Tuesday, February 26, 2019

Documentary Showcases Millionaire Woman Who Pioneered African-American Beauty Industry
WBAL Updated: 5:53 PM EST Feb 26, 2019
Barry Simms 

Magazines from the 1930s with pictures of black women and children are among items discovered in a box in a basement that provided Pikesville native and Park School graduate Royston Scott a wealth of family history.

"I found a treasure trove of black-and-white photos and pamphlets," Scott said.

The New York filmmaker had only heard stories about his great aunt Sara Spencer Washington and the company she founded, Apex News and Hair. Now, he had proof and decided to tell her story in a documentary, which he has named "The Sara Spencer Washington Story."

"There were pomades, hair straighteners, hair tonics, perfumes and what not," Scott said.

Washington became a millionaire selling her line of black hair care and beauty products. Her magazine had articles on hair, running a proper beauty salon and tips on grooming and cooking. She also ran beauty colleges in cities like Philadelphia, Chicago, Atlanta, Richmond, Washington, D.C., and Baltimore.

"From what I hear, some of the trainees were better than others, but that was part of the learning curve," Scott said.

Washington began her business in 1919 in Atlantic City. Retired New Jersey Judge Nelson Johnson said she was extraordinary and very persuasive.

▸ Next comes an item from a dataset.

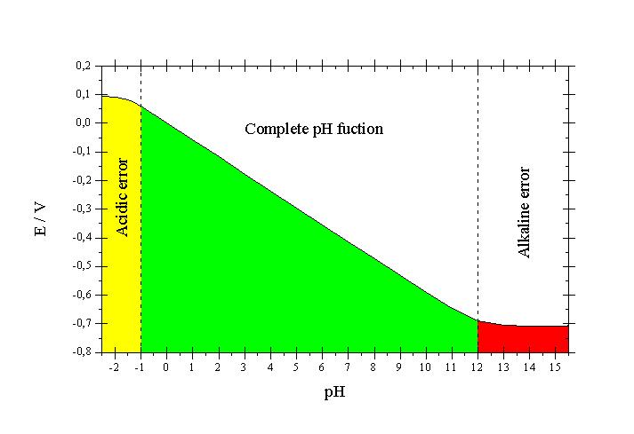 Typical graph of the dependece of pH glass electrode on pH

In Scott's documentary, "The Sara Spencer Washington Story," Johnson said, "A lot of people don't have an appreciation for just how difficult it is to try to sell product door-to-door, because the first thing you have to do is sell is yourself, and then you sell your product."

The business expanded. Washington had hundreds of employees and a warehouse. Her beauty supply and drug stores offered jobs. While the Great Depression wiped out other companies, Apex survived and flourished.

In Scott's documentary, "The Sara Spencer Washington Story," former employee Etta Nelson Francisco said, "One thing she always used to say, 'Be a lady, be a lady.' And I've always tried to be a lady. And I worked in the drug store."

Thousands of people graduated from her schools every year. She helped many of them start their own salons by giving them interest-free loans and discounts on products.

"She was all about empowering the black community, especially women. Education was her main goal," Scott said.

Washington became one of the first African-American female millionaires. She died in 1953 at the age of 64. The company she built declined by the 1960s.

Scott believes Apex was a victim of its own success. He said major, white-owned companies took notice of the lucrative black hair care and cosmetics market and began mass marketing their own products.

"It was the black power movement and hairstyles changed, everyone was going natural, so people weren't into relaxing their hair, straightening their hair, curling their hair," Scott said.

Scott said the items he found in that box led him on a wonderful journey into his family's legacy, and are important in African-American and U.S. history.

Scott shares his documentary March 7 at the Pikesville Library.